*Your assignment*. Output the full listing below exactly as it reads, and skip anything that is a picture.
(Beginning of Data section)
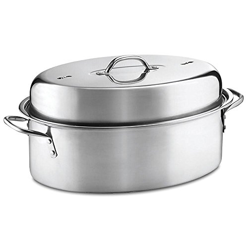 - Stainless steel roaster with cover, Cleans up beautifully.
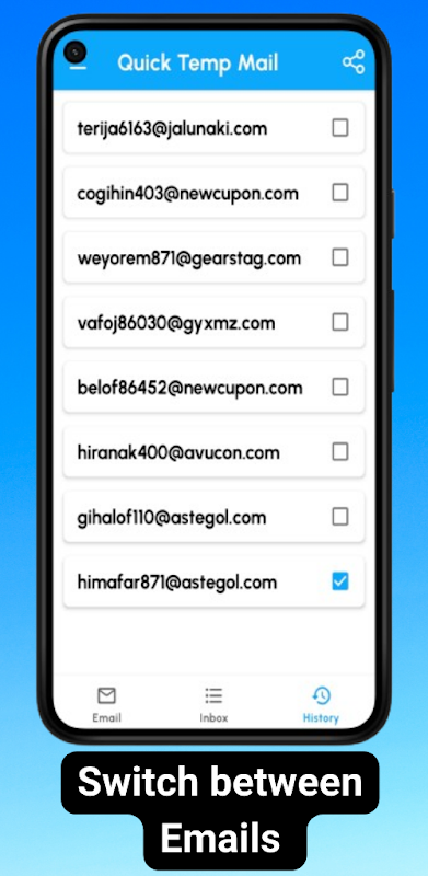 Quick Temp Mail ti consente di creare e gestire le tue e-mail temporanee in pochi secondi, il generatore di e-mail temporanee più veloce ed efficiente in movimento! Proteggi la tua privacy e semplifica la tua esperienza online con la nostra app intuitiva.
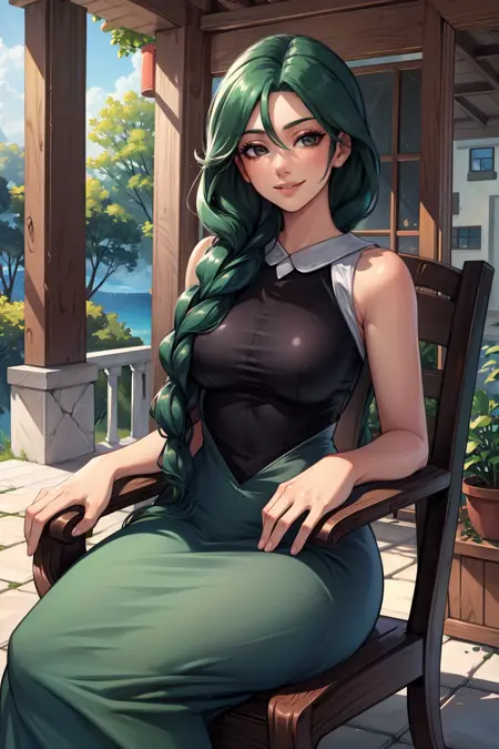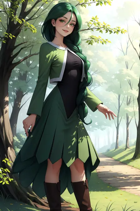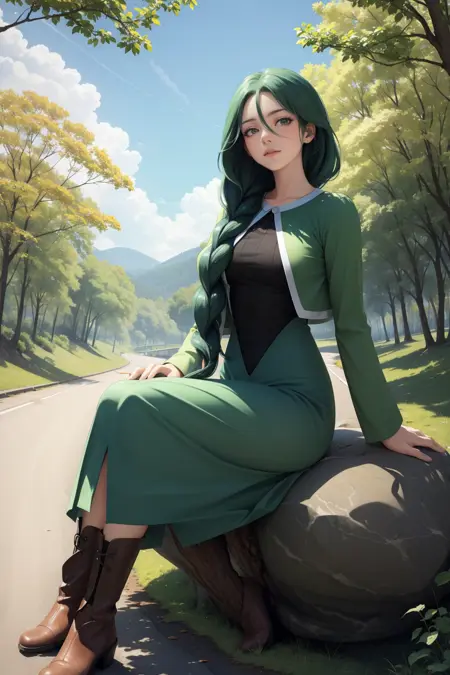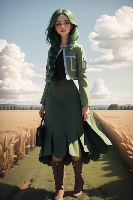 일반적인 모습을 원하신다면 "싱글 브레이드, 어깨 위로 머리 한 옆으로 나온 모습, 녹색 자켓, 긴 드레스, 부츠"를 추가하세요.
(End of Data section)
*Exercise solution*.
 - Stainless steel roaster with cover, Cleans up beautifully.
 Quick Temp Mail ti consente di creare e gestire le tue e-mail temporanee in pochi secondi, il generatore di e-mail temporanee più veloce ed efficiente in movimento! Proteggi la tua privacy e semplifica la tua esperienza online con la nostra app intuitiva.
 일반적인 모습을 원하신다면 "싱글 브레이드, 어깨 위로 머리 한 옆으로 나온 모습, 녹색 자켓, 긴 드레스, 부츠"를 추가하세요.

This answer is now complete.